What to work on — Apart from the pictures, every line below is to be set down exactly.

Dataset excerpts:
··········

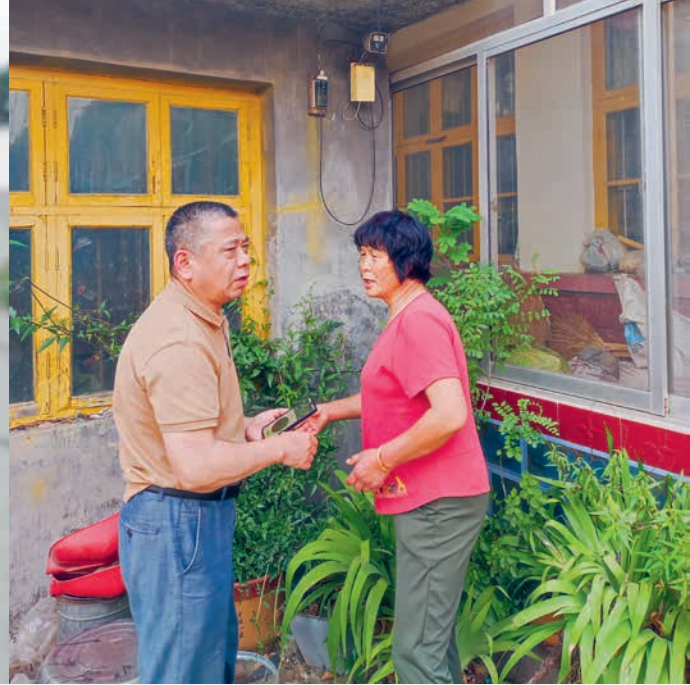
rechts: Die Familie des Lieferanten kultiviert im eigenen Hof viele verschiedene Kräuter als botanische Sammlung

So werden manchmal selbst Sorten, die an sich nicht betroffen sind, erst verzögert geliefert.
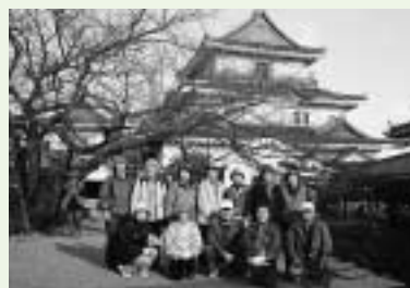
海に到着後、市の象徴である和歌山城にも立ち寄りしました。
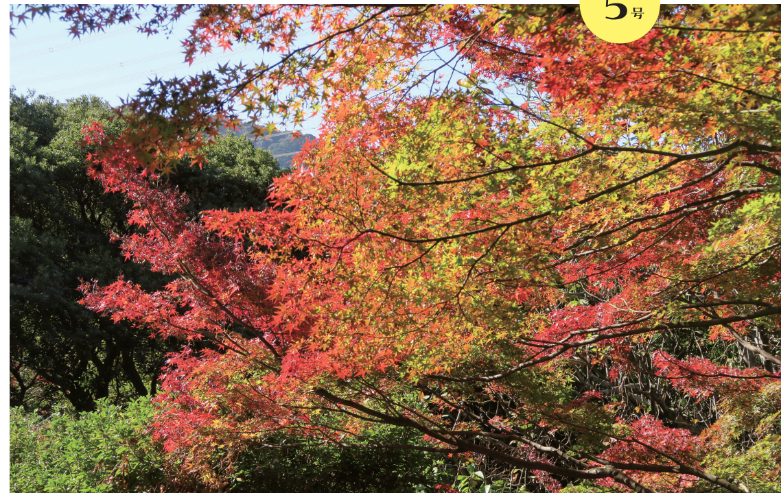
花畑園芸公園の紅葉
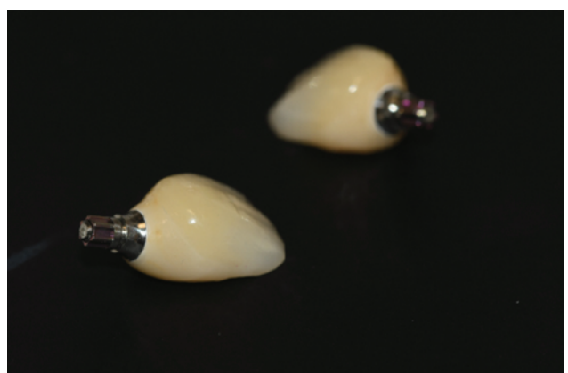
Slika 10. Trajne potpuno keramičke krunice - visokopolirani transgingivalni cirkon I "cut back" tehnika za individualiziranje vestibularnih ploha.
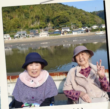
天気がいい日は 近所へ散歩
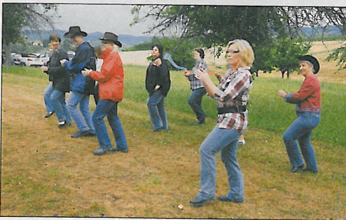
Die Musik steckt an - Die Rednecks in Aktion
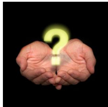
vroagt wij wat
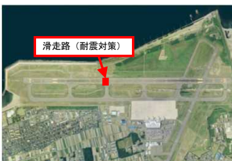
新潟空港耐震化事業(新潟県)
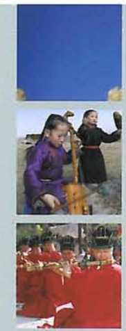
Di sản Văn hóa Phi vật thể

thể hiện có trên lãnh thổ của Quốc gia và đã được đưa vào Danh sách Đại diện. Mỗi Quốc gia thành viên cũng sẽ nộp cho Ủy ban báo cáo về tình trạng của các di sản văn hóa phi vật thể hiện có trên lãnh thổ của mình và đã được đưa vào Danh sách Bảo vệ Khẩn cấp.
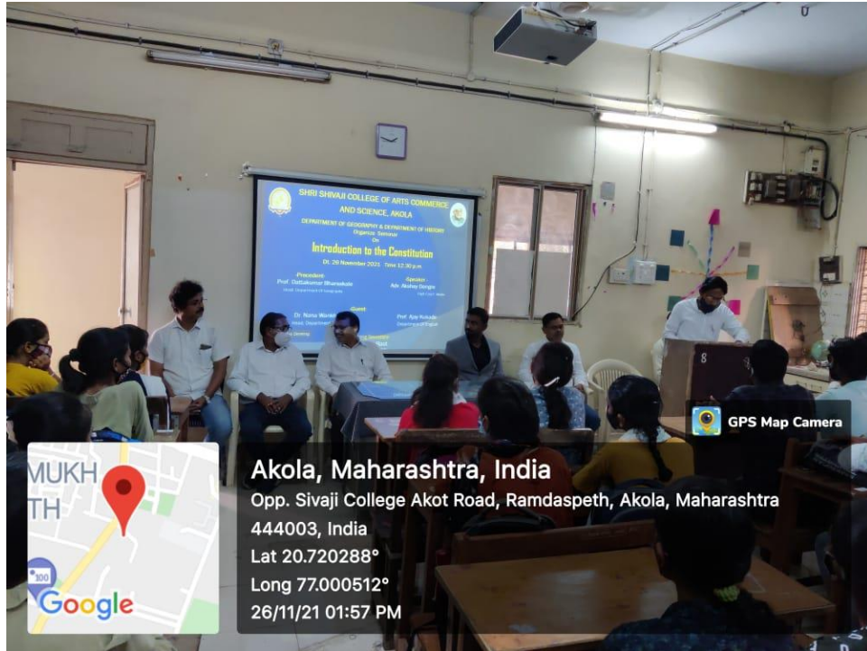
Seminar on ' Introduction to Constitution Nov. 2020
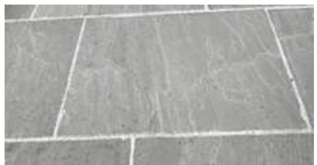
Bodenplatten Sandstein grau

Palisaden – Pflastersteine – Verblender auf Anfrage.
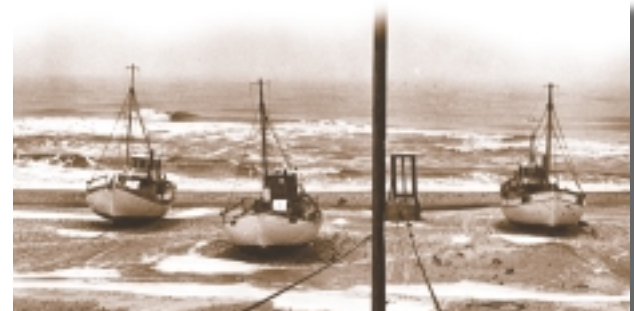
De tre sidste kuttere, Arken, Sara og Niels Juel på stranden omkring 1970.

Hertil er der blandt andet ydet et meget stort beløb fra A.P. Møller og hustru Chastine Mc-Kinney Møllers Fond til almene formål, og arbejdet er afsluttet i efteråret 2000.
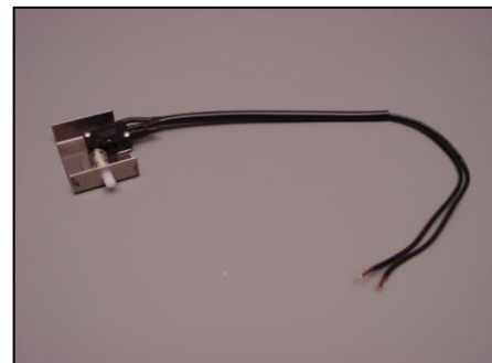
3) ドアスイッチ一式 部品番号: 3918 ¥5,400
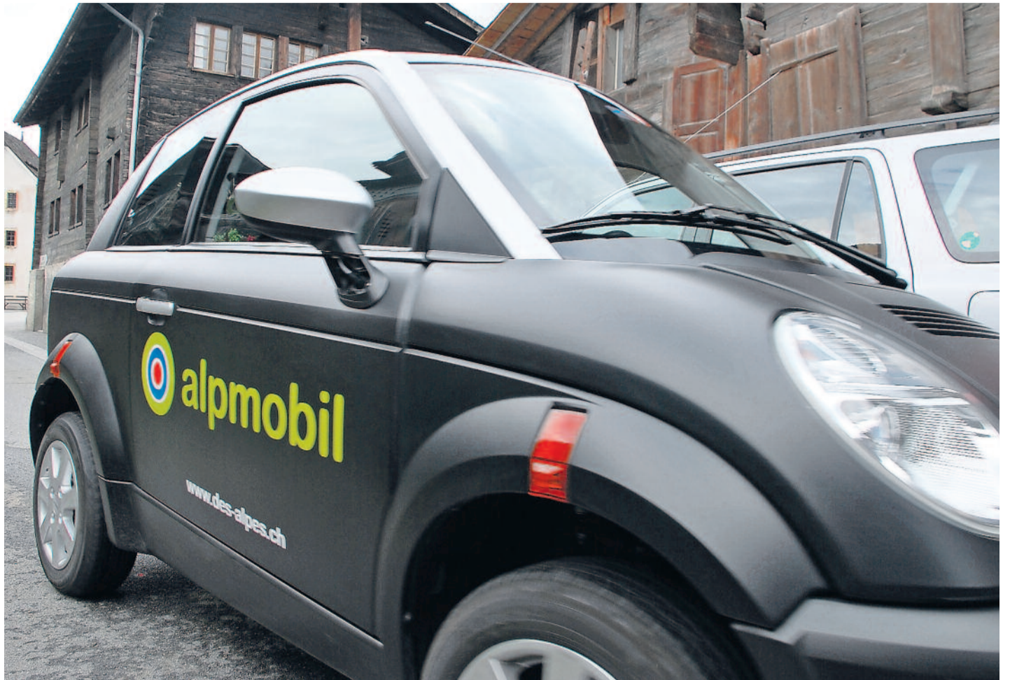
Der Spassfaktor ist hoch: Ein Elektroauto auf dem Weg von Ernen ins Binntal.
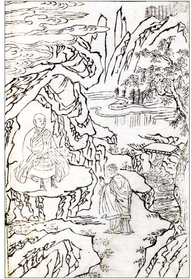
고려판 화엄경(華嚴經) 권제10 신회(神會) 남방(南參) 판화(牛印) 27.2x18.0cm

<석씨원류>에 등장하는 이 삽화는 신희 스님이 조계산에 올라 육조 혜능 스님으로부터 법을 이어 받는 장면으로 조계산의 아름다운 풍광과 혜능 스님이 바위굴에서 사미인 신희 스님을 제접하는 모습을 사실적으로 표현하고 있다. 하택 신희(荷澤 神會) 스님(684~758)은 당나라 양양(襄陽)인으로 속성은 고(高)씨이다. 국장사 호원 법사에게 출가했으나 14세 때 사미의 신분으로 혜능 스님을 찾아가 법을 이어 받은 후, 북종선의 배경에 주력하며 남종선의 확립에 크게 기여했다. 스님은 개원 20년(732) 정월 15일 황대(滄臺) 대운사(大雲寺)의 무차대회(無遮大會)에서, 남종선(南宗禪)의 정통성을 주장하며, 북종선(北宗禪)을 대표하는 승원 법사(崇遠法師)와 정통논쟁을 벌인다. 이러한 신희스님의 노력으로 북쪽의 신수와 남쪽의 혜능의 종파적 분리현상이 나타나기 시작했으며, 신수의 북종선(北宗禪)과 혜능의 남종선(南宗禪)이라는 명칭이 널리 쓰이게 됐다. "혜능 선사가 신희 스님에게 물었다. '어느 곳에서 왔는가?' '온 곳이 없습니다.' '너는 돌아가지 않겠는가?' '한 곳도 돌아갈 곳이 없습니다.' '너는 너무도 망망하구나.' '몸의 인연이 길에 있습니다.' '스스로 이르지 못한 곳이 있기 때문이다.' '지금도 이미 이르렀습니다만 또한 체류할 곳이 없습니다.' 그래서 그는 몇 해 동안 조계산에 머물다가 그 후 두루 이름난 고적지를 찾아보고 이어 낙양에서 크게 선법을 행해 명성과 광채를 발휘했다. 이에 앞서 동경과 서경에서는 모두가 신수 스님을 좋아하기를 마치 맑은 물에 물고기와 바
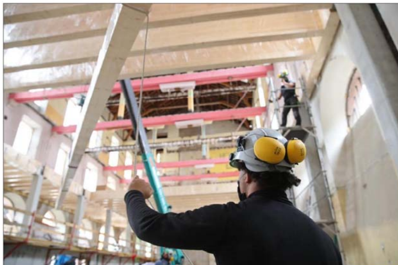
Le chantier de réhabilitation de l'ancienne manufacture des tabacs a repris. Ici, les charpentiers sont à l'œuvre dans le futur amphithéâtre du pôle géosciences.

Au début du mois d'avril, l'aménageur a recruté un « pré-venteur », chargé de mettre en place les mesures sanitaires liées au Covid-19. Aménagements horaires, distribution de masques aux entreprises qui

··········

Solution to this task —
rechts: Die Familie des Lieferanten kultiviert im eigenen Hof viele verschiedene Kräuter als botanische Sammlung

So werden manchmal selbst Sorten, die an sich nicht betroffen sind, erst verzögert geliefert.
海に到着後、市の象徴である和歌山城にも立ち寄りしました。
花畑園芸公園の紅葉
Slika 10. Trajne potpuno keramičke krunice - visokopolirani transgingivalni cirkon I "cut back" tehnika za individualiziranje vestibularnih ploha.
天気がいい日は 近所へ散歩
Die Musik steckt an - Die Rednecks in Aktion
vroagt wij wat
新潟空港耐震化事業(新潟県)
Di sản Văn hóa Phi vật thể

thể hiện có trên lãnh thổ của Quốc gia và đã được đưa vào Danh sách Đại diện. Mỗi Quốc gia thành viên cũng sẽ nộp cho Ủy ban báo cáo về tình trạng của các di sản văn hóa phi vật thể hiện có trên lãnh thổ của mình và đã được đưa vào Danh sách Bảo vệ Khẩn cấp.
Seminar on ' Introduction to Constitution Nov. 2020
Bodenplatten Sandstein grau

Palisaden – Pflastersteine – Verblender auf Anfrage.
De tre sidste kuttere, Arken, Sara og Niels Juel på stranden omkring 1970.

Hertil er der blandt andet ydet et meget stort beløb fra A.P. Møller og hustru Chastine Mc-Kinney Møllers Fond til almene formål, og arbejdet er afsluttet i efteråret 2000.
3) ドアスイッチ一式 部品番号: 3918 ¥5,400
Der Spassfaktor ist hoch: Ein Elektroauto auf dem Weg von Ernen ins Binntal.
고려판 화엄경(華嚴經) 권제10 신회(神會) 남방(南參) 판화(牛印) 27.2x18.0cm

<석씨원류>에 등장하는 이 삽화는 신희 스님이 조계산에 올라 육조 혜능 스님으로부터 법을 이어 받는 장면으로 조계산의 아름다운 풍광과 혜능 스님이 바위굴에서 사미인 신희 스님을 제접하는 모습을 사실적으로 표현하고 있다. 하택 신희(荷澤 神會) 스님(684~758)은 당나라 양양(襄陽)인으로 속성은 고(高)씨이다. 국장사 호원 법사에게 출가했으나 14세 때 사미의 신분으로 혜능 스님을 찾아가 법을 이어 받은 후, 북종선의 배경에 주력하며 남종선의 확립에 크게 기여했다. 스님은 개원 20년(732) 정월 15일 황대(滄臺) 대운사(大雲寺)의 무차대회(無遮大會)에서, 남종선(南宗禪)의 정통성을 주장하며, 북종선(北宗禪)을 대표하는 승원 법사(崇遠法師)와 정통논쟁을 벌인다. 이러한 신희스님의 노력으로 북쪽의 신수와 남쪽의 혜능의 종파적 분리현상이 나타나기 시작했으며, 신수의 북종선(北宗禪)과 혜능의 남종선(南宗禪)이라는 명칭이 널리 쓰이게 됐다. "혜능 선사가 신희 스님에게 물었다. '어느 곳에서 왔는가?' '온 곳이 없습니다.' '너는 돌아가지 않겠는가?' '한 곳도 돌아갈 곳이 없습니다.' '너는 너무도 망망하구나.' '몸의 인연이 길에 있습니다.' '스스로 이르지 못한 곳이 있기 때문이다.' '지금도 이미 이르렀습니다만 또한 체류할 곳이 없습니다.' 그래서 그는 몇 해 동안 조계산에 머물다가 그 후 두루 이름난 고적지를 찾아보고 이어 낙양에서 크게 선법을 행해 명성과 광채를 발휘했다. 이에 앞서 동경과 서경에서는 모두가 신수 스님을 좋아하기를 마치 맑은 물에 물고기와 바
Le chantier de réhabilitation de l'ancienne manufacture des tabacs a repris. Ici, les charpentiers sont à l'œuvre dans le futur amphithéâtre du pôle géosciences.

Au début du mois d'avril, l'aménageur a recruté un « pré-venteur », chargé de mettre en place les mesures sanitaires liées au Covid-19. Aménagements horaires, distribution de masques aux entreprises qui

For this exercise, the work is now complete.